Looking for something Thai inspired for your BBQ? Then chicken satay with peanut sauce is just the thing. Henry really liked this recipe. There is something about the creamy peanut sauce that makes this dish just perfect! (Jane)
Chicken Satay with Peanut Sauce
1.5 pounds of chicken breasts or fillets
1 tablespoon fresh ginger, grated
1 onion cut into chunks
4 gloves of garlic, crushed
1/2 cup soy sauce
1/2 cup water
1 teaspoon of sambal oelek (chili paste) or 1 red jalapeño chili
juice of 1 lemon
2 tablespoons sugar
1/2 teaspoon cumin
1 tablespoon toasted sesame oil
1. Trim chicken into strips about 3 inches long and 1/2 inch thick.
2. Combine remaining ingredients in a blender or food processor and puree until smooth. Pour over chicken and marinate at least one hour or overnight. You can also use the marinade to baste while cooking.
3. Heat BBQ and grill until done, around 3 minutes each side.
Optional: thread meat onto a skewer. If using bamboo skewers it's best to soak them in water for around 30 minutes before using.
1 cup of peanut butter
1 tablespoon of toasted sesame oil
3 tablespoons soy sauce
2 cloves of garlic
1 tablespoon sambal oelek or 1 red jalapeño
1 tablespoon sugar
2 tablespoons fresh lemon juice
coconut milk or water to thin
1. Combine all ingredients except coconut milk/water in blender or food processor and combine until smooth.

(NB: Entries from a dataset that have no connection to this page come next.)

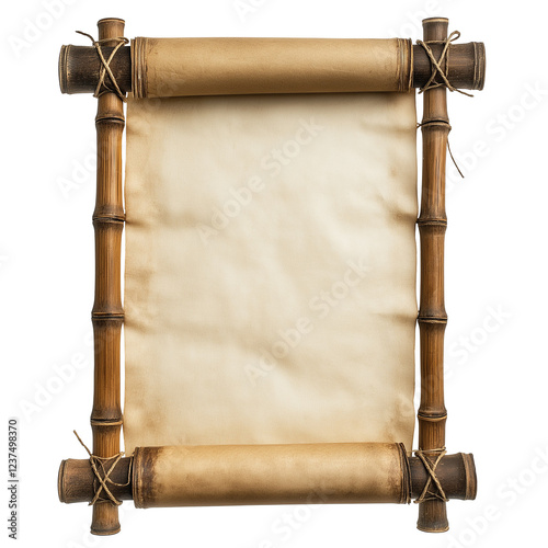 old paper with bamboo frame isolated on transparent white background, clipping path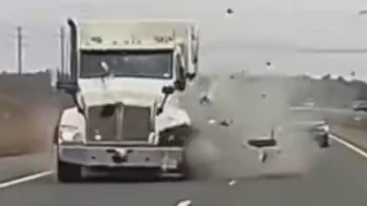 Steer Tire Blows On Dump Truck On Hwy412 SB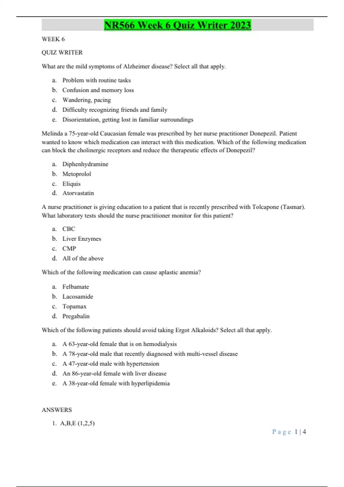 NR566 Week 6 Quiz Writer 2023.NR566 Week 6 Quiz Writer 2023.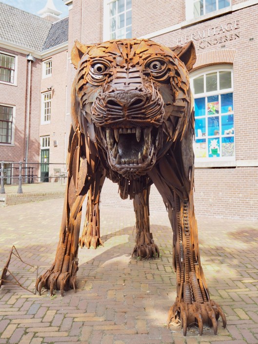 Peering out from the cabin curtains this morning saw us motoring down a long canal to Amsterdam. Docking was accomplished whilst having Brekky and involved some skilful manoeuvring. Our tour today started out at the Hermitage Museum, a satellite museum of the one in St Petersberg we visited a number of years ago. Sadly one wing was closed, the cafe was closed, and the feature film about the 6 Rembrandt’s they have on display was in Dutch. So not a brilliant start, though I loved the giant tiger!

2. Add coconut milk - if you like it creamy - or water to thin as desired - needs to be pouring consistency. Sauce will thicken over time so you might need to add extra liquid.
3. Serve in a pouring bowl so it can be poured or ladled onto the chicken!

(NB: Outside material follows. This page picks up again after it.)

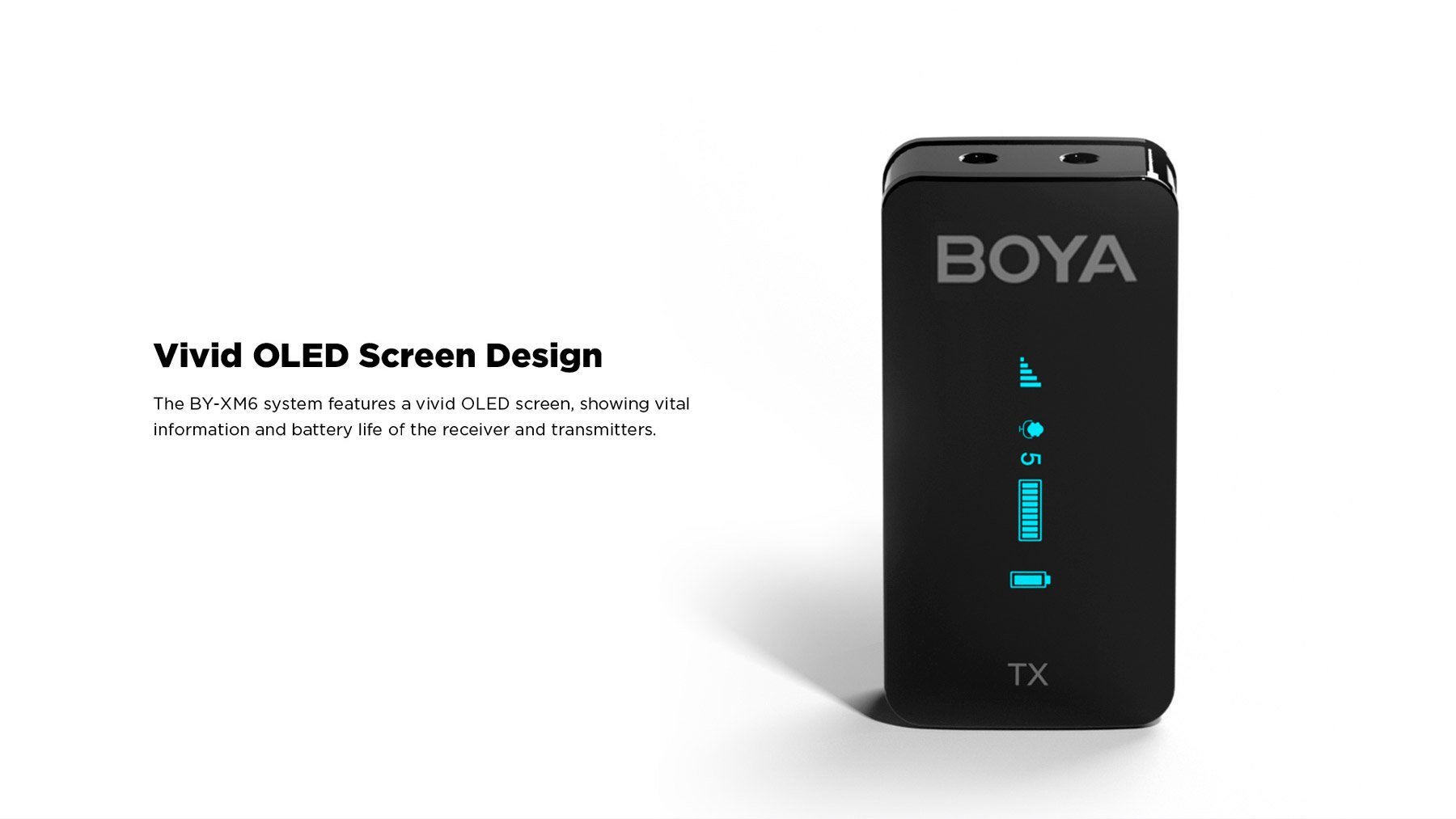Неймовірний бездротовий мікрофон Завдяки яскравому та легко читаному OLED-дисплею на передавачі та приймачі користувачі можуть точно налаштувати передачу сигналу. Передавач оснащений вбудованим всеспрямованим мікрофоном, тому користувачі можуть прикріпити передавач до нашийника, щоб уловлювати звуки, а також підключити до вхідного роз'єму MIC IN передавач мікрофон для захоплення звуку. Серія BY-XM6 поставляється з повним набором аксесуарів у кожній упаковці, таких як мікрофони та зарядні кабелі, що є економічно вигідним вибором. BY-XM6 K4 оснащений портативним, але потужним зарядним кейсом, що дозволяє легко переносити його поза домом. Завдяки вбудованому потужному акумулятору, зарядний кейс дозволяє повністю заряджати обидва передавачі одночасно, без необхідності використання кабелю. Крім того, індикатор живлення на зарядному кейсі дозволяє легко перевірити ємність батареї та стан зарядки.
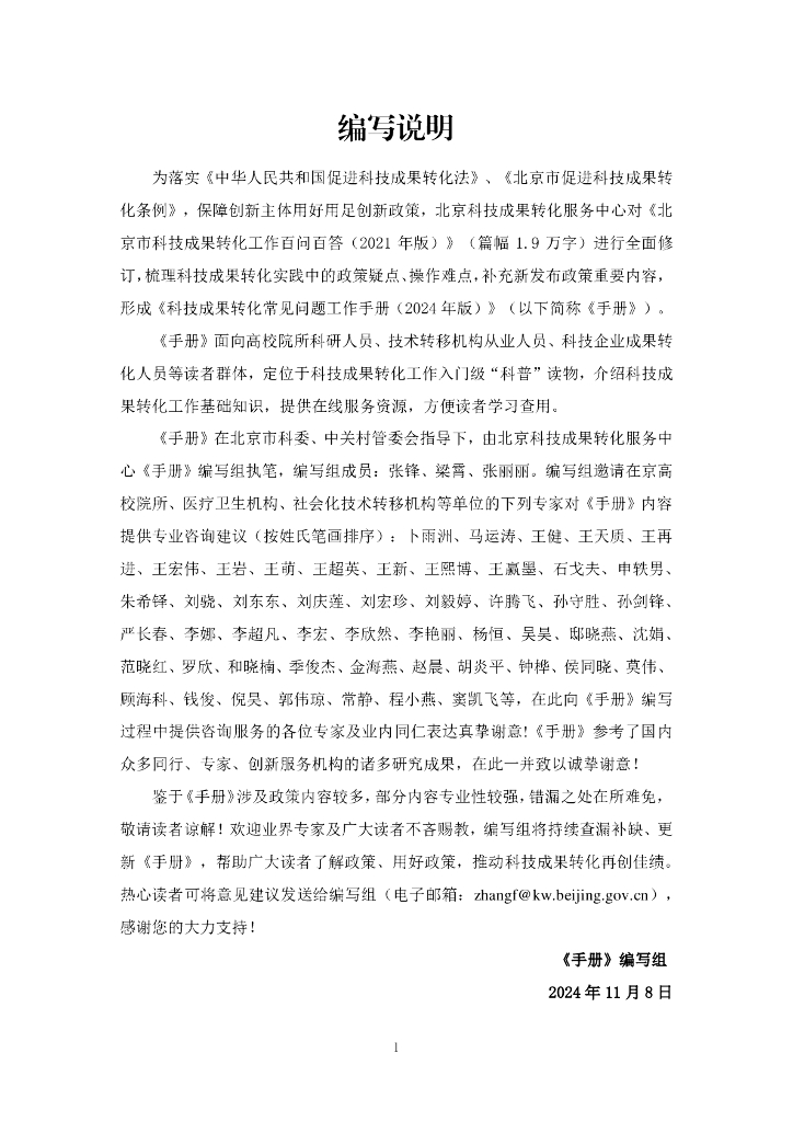北京市科技成果转化服务中心:科技成果转化常见问题工作手册(2024年版).pdf

Serve your chicken satay with peanut sauce with spicy chipotle rice and coleslaw!
Want beef? Sure, follow the recipe and substitute beef filet for chicken. You'll want to use skewers for the beef.
Vege option? Make up some vege skewers - mushrooms, zucchini, peppers (capsicum) and onions and serve with the peanut sauce.